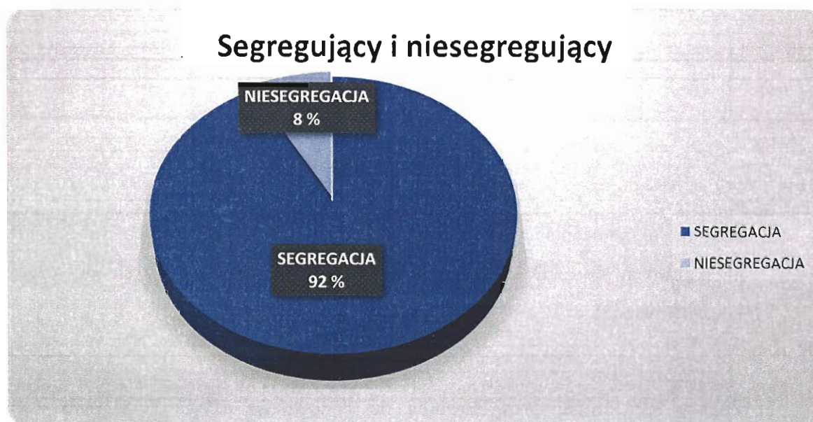
Wykres 3. Deklarujący segregację i niesegregację
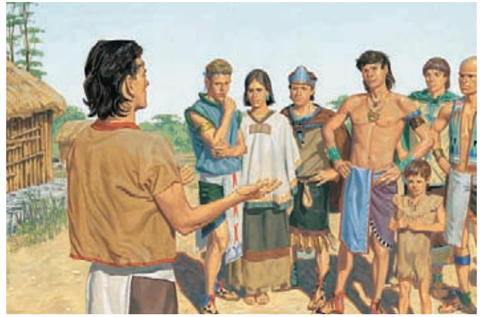
Mormón dijo a los nefitas que se salvarían sólo si se arrepentían y se bautizaban; pero el pueblo se negó a hacerlo. Mormón 3:2-3.
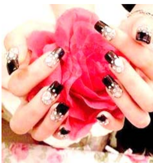
北欧美甲原价 30 元美甲套餐持本报仅需 9.9 元。
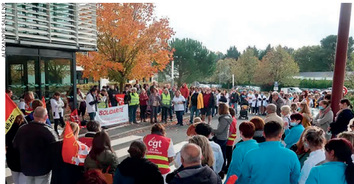
À l'hôpital de Chinon, le 25 octobre. Grève contre l'alternance jour/nuît.

Selon les dires du ministre de la Santé, Véran, « on assiste à une tendance à la hausse, à une petite poussée » des contaminations de coronavirus en France et en Europe. Toutefois, il n'y aurait pas « d'augmentation des hospitalisations », a-t-il ajouté, se voulant rassurant.
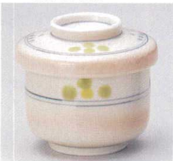
103-21-74B 760円 萩風早春むし碗 60入 8×8.2cm
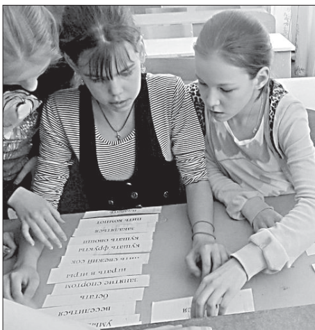
Игра по станциям «Путешествие на поезде здоровья».

В свою очередь КРОО «Ассоциация детских общественных объединений Республики Коми» входит в Международный союз детских общественных объединений «Союз пионерских организаций - Федерация детских организаций». Что это значит для нас? Это значит, что мы являемся частью междуна-
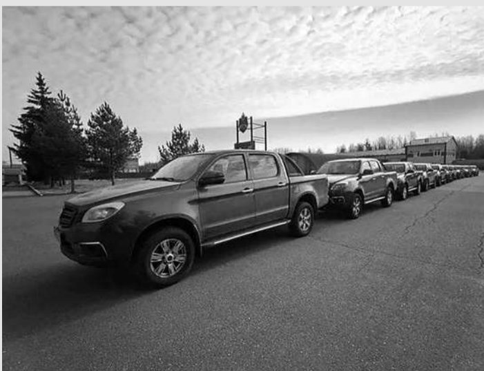
В Ленобласти мобильные огневые группы получили новую технику. КУГИ ЛО передал 10 автомобилей «Соллерс СТ6»
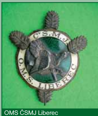
OMS ČSMJ Liberec
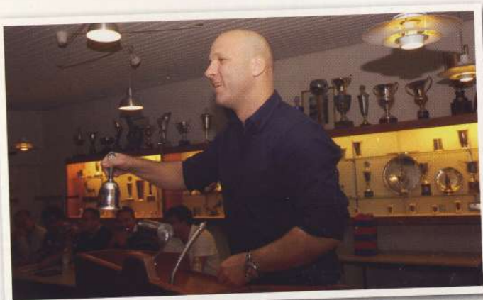
Formanden åbner FREM's generalforsamling.

Økonomi: Tak til sponsorerne som vi heldigvis har mange af iforhold til andre klubber på samme niveau.
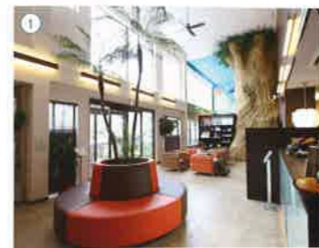
① 患者へのおもてなしがたくさん施されている待合スペース。② 4部屋ある個室ユニットは、それぞれコンセプトが異なる

る。また、口臭やドライマウスにも対応している。特に力を入れているのが予防歯科。同院の患者は歯の健康に対する意識が高く、半数の人がメンテナンスを受けに来ている。院内にはメンテナンス専用の部屋を4つ設け、それぞれに「ハワイ」「パリ」「イタリア」「日本」とテーマがある。日本の部屋では桜の景色、イタリアでは高級車のエンブレムが眺められるなど各国の特徴が反映されている。3カ月ごとに検診を行うと、1年ですべての部屋を回れるため、患者のモチベーション維持に一役買っている。
::::::::::
» **EXERCISE BRIEF**
Retype exactly, and only, the lines from the one containing "Økonomi: Tak til" through the end of the material, leaving aside every picture.

» **YOUR SOLUTION**
Økonomi: Tak til sponsorerne som vi heldigvis har mange af iforhold til andre klubber på samme niveau.
① 患者へのおもてなしがたくさん施されている待合スペース。② 4部屋ある個室ユニットは、それぞれコンセプトが異なる

る。また、口臭やドライマウスにも対応している。特に力を入れているのが予防歯科。同院の患者は歯の健康に対する意識が高く、半数の人がメンテナンスを受けに来ている。院内にはメンテナンス専用の部屋を4つ設け、それぞれに「ハワイ」「パリ」「イタリア」「日本」とテーマがある。日本の部屋では桜の景色、イタリアでは高級車のエンブレムが眺められるなど各国の特徴が反映されている。3カ月ごとに検診を行うと、1年ですべての部屋を回れるため、患者のモチベーション維持に一役買っている。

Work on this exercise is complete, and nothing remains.